From the 17th century onwards, parishes were gradually given various civil functions under the poor laws, in addition to their original ecclesiastical functions. In some cases, including Astbury, the civil functions were exercised by each township separately rather than the parish as a whole. In 1866, the legal definition of 'parish' was changed to be the areas used for administering the poor laws, and so each township became a civil parish. There has therefore been no civil parish called Astbury since 1866, although the name of the ecclesiastical parish remains Astbury.

Newbold Astbury was placed under a grouped parish council with neighbouring Moreton cum Alcumlow in 1975.

==Landmarks==

St. Mary's at Astbury is a large 12th-century church, rebuilt on a unique trapezoidal plan in the 13th and 14th centuries.
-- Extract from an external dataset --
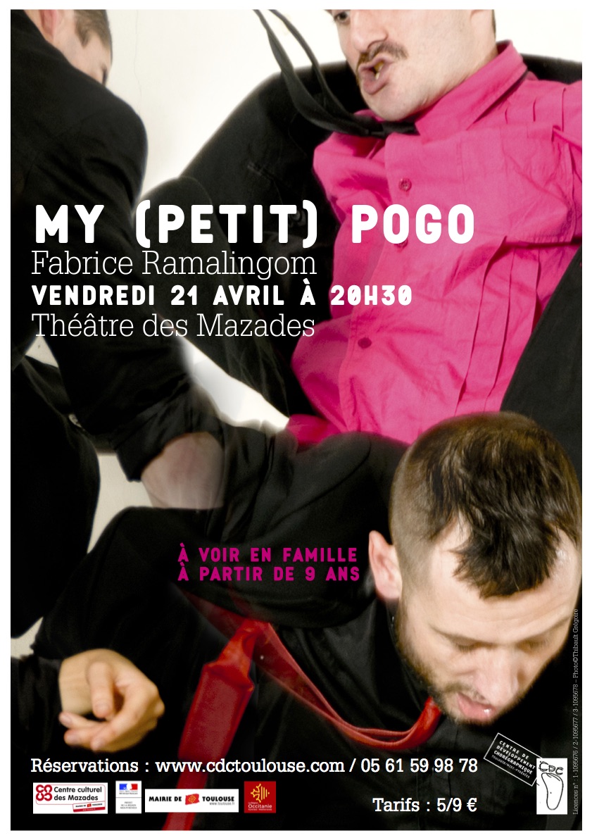 Cette performance prend d’abord la forme d’une conférence. Les principes chorégraphiques et les outils qui constituent cette pièce sont expliqués et simultanément performés sur le plateau. Ce sont autant de clés qui permettent aux jeunes esprits une meilleure compréhension de l’écriture chorégraphique. Puis cette première forme bascule subrepticement vers une forme écrite, une forme spectaculaire : My (petit) Pogo.

There is a 14th-century effigy of a knight in the Lady Chapel, and another, possibly earlier, canopied tomb in the churchyard. A fragment of a Saxon cross is built into the exterior wall. Ada, fourth daughter of David, 9th Earl of Huntingdon (c1144-1219), is buried here. The church stands at the apex of the village green and is in the Early English and Perpendicular styles, built between the 13th and 15th centuries. The church was built of millstone grit and the detached spire of the mid-14th century looks to be earlier. Inside the proportions and the furniture are both distinguished. The fine woodwork includes 15th-century stalls, screen, and magnificent roofs. Sir Gilbert Scott was responsible for a modest restoration in 1862.